*** Opening of DATASET EXTRACT ***

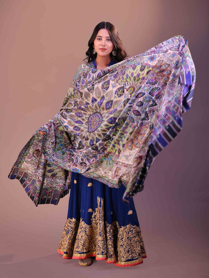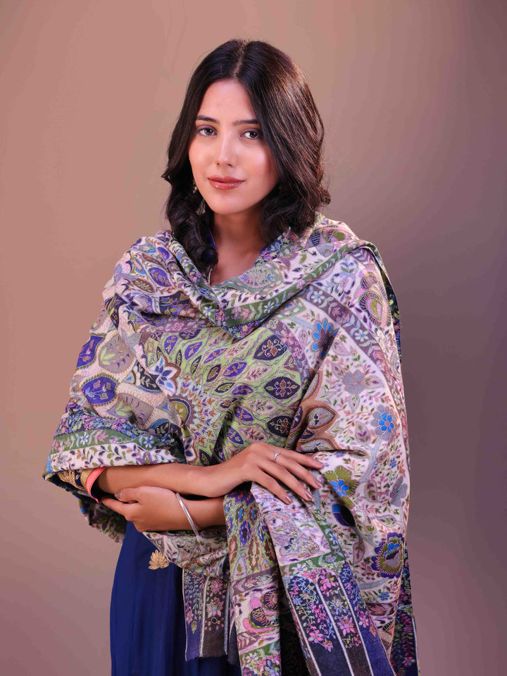 Pure Wool Hand Embroidered Kalamkari Shawl
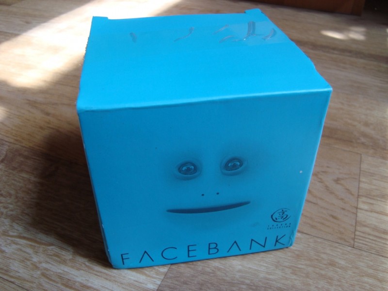 Всем привет. У меня в стране менее чем через месяц в оборот выпустят монеты, поэтому пару месяцев назад возникла мысль купить какую-нибудь прикольную копилку. Сам товар не новый, уже несколько лет можно купить в интернете, но это не помешало видосу с этой копилкой набрать на моем канале миллион просмотров. Если вы хотите сделать человеку какой-то необычный подарок, то это отличная вещь! А еще она меня перепугала до ужаса, но обо все по порядку.Заказывал копилку на ebay. В марте был сделан заказ. На сколько быстро прилетела посылка я уже не вспомню, но упакована была отлично: продавец обернул коробку в несколько слоев вспененной подложки. Сама копилка находится внутри голубой коробки с надписью Facebank — «мордобанк».
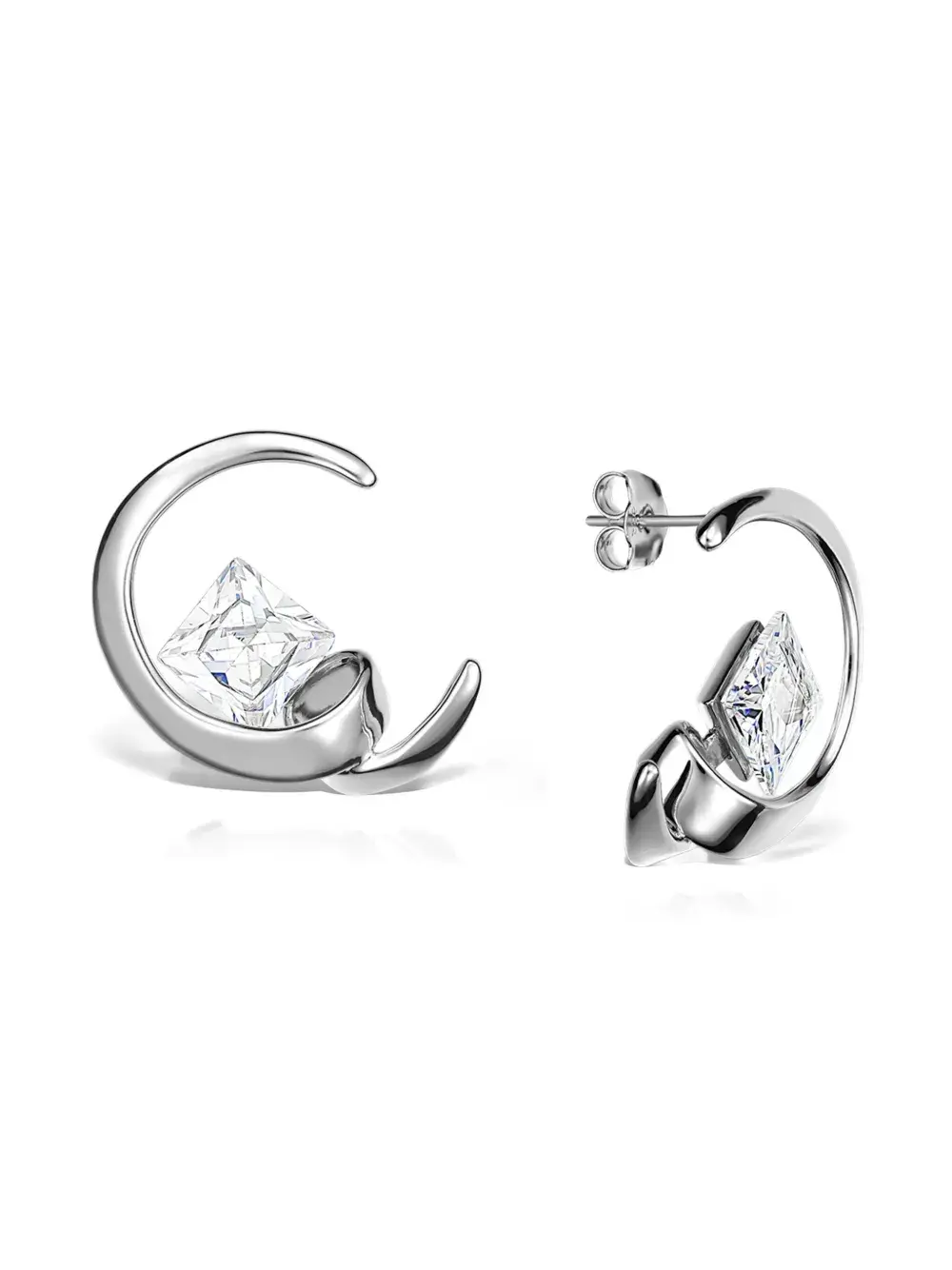 Серебристый оттенок, квадратная деталь, застежка-гвоздик, дугообразная форма. Эти серьги продаются парой.

*** Close of DATASET EXTRACT ***

[PROBLEM DESCRIPTION] Provide the listing above once more, exactly, with the pictures removed.

[EXERCISE ANSWER]
 Pure Wool Hand Embroidered Kalamkari Shawl
 Всем привет. У меня в стране менее чем через месяц в оборот выпустят монеты, поэтому пару месяцев назад возникла мысль купить какую-нибудь прикольную копилку. Сам товар не новый, уже несколько лет можно купить в интернете, но это не помешало видосу с этой копилкой набрать на моем канале миллион просмотров. Если вы хотите сделать человеку какой-то необычный подарок, то это отличная вещь! А еще она меня перепугала до ужаса, но обо все по порядку.Заказывал копилку на ebay. В марте был сделан заказ. На сколько быстро прилетела посылка я уже не вспомню, но упакована была отлично: продавец обернул коробку в несколько слоев вспененной подложки. Сама копилка находится внутри голубой коробки с надписью Facebank — «мордобанк».
 Серебристый оттенок, квадратная деталь, застежка-гвоздик, дугообразная форма. Эти серьги продаются парой.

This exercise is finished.